そして今まさに強国レアーヌはザールラントに敗北したことで隙を見せた。これを見逃す程、この地域の国は甘くない。特に五大国に数えられるフロレス王国は必ず動きを見せるはずである。
「ローザンヌが消えたのは本当に痛いわね」
十年前まで存在していた女王を君主とした連合王国。その国は中央部における楔のような存在だった。強国ながら戦争を嫌い、仲介を頼まれればどんなところにも顔を出した。だがその存在を失ったことにより、大陸は完全に無法地帯と化してしまったのである。
(騎士女王……か)
聖女として彼女が国を率いることになったのはまだ十六歳の頃だった。先代の聖女が急死したために、後継者である彼女が急遽担ぎ出されたのである。多くの国の指導者が政治を知らない小娘と侮るなか、連合王国ローザンヌの女王だけは対等な立場で話をしてくれ、様々なことを教えてくれた。
『聖女様。上に立つ者は常に現実に目を向けることです。理想を求め追い続けることは悪くはありませんが、それは現実を理解していなければ実現しません』
『国を動かすのは私たちですが、国を存続させているのは民です。民を蔑ろにすれば、国は衰退して滅びます。互いを認め合うことです。聖女も女王も、民と同じ人なのですから』
『多くの仲間を作りなさい。味方ではありません。仲間です。味方は自分の損得で動く人間です。心を許せる仲間を得なさい』
(お母さんみたいで好きだったんだけどなぁ)
かつて交わした会話を思い出しながら、貴重な人材を失ったことに今さらながら惜しいと思う聖女は、険しい表情を浮かべながら玉座から立ち上がった。
「フロレスの動きをもっと詳しく調べなさい。あの国の動向は何一つ漏らさないように。それと援軍の派遣は中止する。今さら派遣して戦争を長引かせるのは得策ではないわ。それから先のことは帝国がどう動くのかを見て決定する。話は以上よ」
本人は気付いていなかったが、聖女は無意識のうちに貴族たちを威圧していた。だから彼らは聖女の不興を買ったと思い込み、彼女が立ち去るまで深く頭を下げ続けたのだった。
◆フロレス王国 王都セビリア◆
「老いたとはいえやはり帝国だったな。一時はどうなるかと思ったがな」
決戦の勝敗を聞いた国王は笑いを堪えながら宰相と言葉を交わしていた。王国の敗北という結果に満足していたからである。
「装甲騎士団まで投入して敗北を喫したとあっては、レアーヌもこれまでの様な強硬姿勢は取れないでしょうな」
戦争に勝利することによって他国を押さえ付けてきたレアーヌ王国。だがこの敗北によってそれは過去のものとなった。もはや武力によって他国を抑えることは不可能となった。
「王国との関係を考え直す時期かもしれないな」
「……それは手を切ることも含めてですか?」
フロレスは対帝国連合としてレアーヌと同盟を結んではいたが、それは帝国の脅威を名目にしたレアーヌ王国のための同盟でしかない。
「手を切るだと?」
宰相の言葉に国王は怪訝な顔で疑問の声を上げた。同盟締結以後、様々な名目でフロレスの富や資源がレアーヌに流れ続けたのだ。手を切るだけでは生温い。
「喰い殺すのさ」
それが当然の流れであるかのように告げた国王は、壁に張られた地図を眺めながら言葉を続けた。

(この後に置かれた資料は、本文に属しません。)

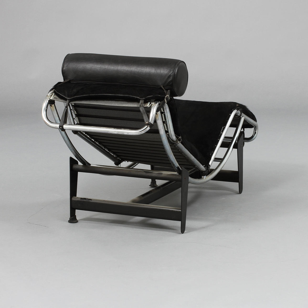 Stomme förkromat stål med dyna klädd i svart kohud.

「戦争によって王国軍は崩壊寸前だ。敗戦の責任を巡り貴族間の対立も激化するだろう。喰い殺す隙は充分にあると思うが?」
新興貴族と伝統貴族の確執は深刻であり有名な話だ。しかも戦争に負けたとなれは、これまでにない激しい対立が巻き起こるのは目に見えていた。さらに王国は軍事力そのものすら低下させた。これはまたとない機会なのである。
「他の友好国が見過ごすとは思えませんが」
「本気で言っているのか?」
宰相の疑問につい口調を強めて問い質した国王であったが、その表情を見ればすぐに本気の言葉でないことが分かった。他の国もフロレスと同じである。絶好の機会が訪れたと思っているのだ。
「ローランドもソフィアもレアーヌとは表面上の付き合いだけだ。まぁあの聖女が何を考えているのかは知らないがな」
ソフィア聖王国を統べる若き聖女。記憶が正しければ今年で二十六歳になる彼女は、忌々しいことに風と大地の精霊の加護を受け、しかも精霊を召喚出来る人物である。あの聖女のお陰で有利な戦況を覆されたことは数え切れない。
「……考えても仕方がないな。とにかく今はレアーヌだ。ようやく訪れた機会だ。楽しく踊ってもらおうじゃないか」
敗北したままでは五大国の威信に関わる。国王は不敵な笑みを浮かべ宰相を見据えると、彼も同じような笑みを浮かべていた。
「帝国は実にいい仕事をしてくれた。感謝しないとな」
レアーヌを蹂躙出来ることに喜びを隠せない国王であったが、その喜びが長く続くことは無かった。締結された講和の内容は、今の時代においてはあり得ない内容であったからである。それは勝者の権利を行使してきた国から見れば、まさに譲歩し過ぎの内容となっていた。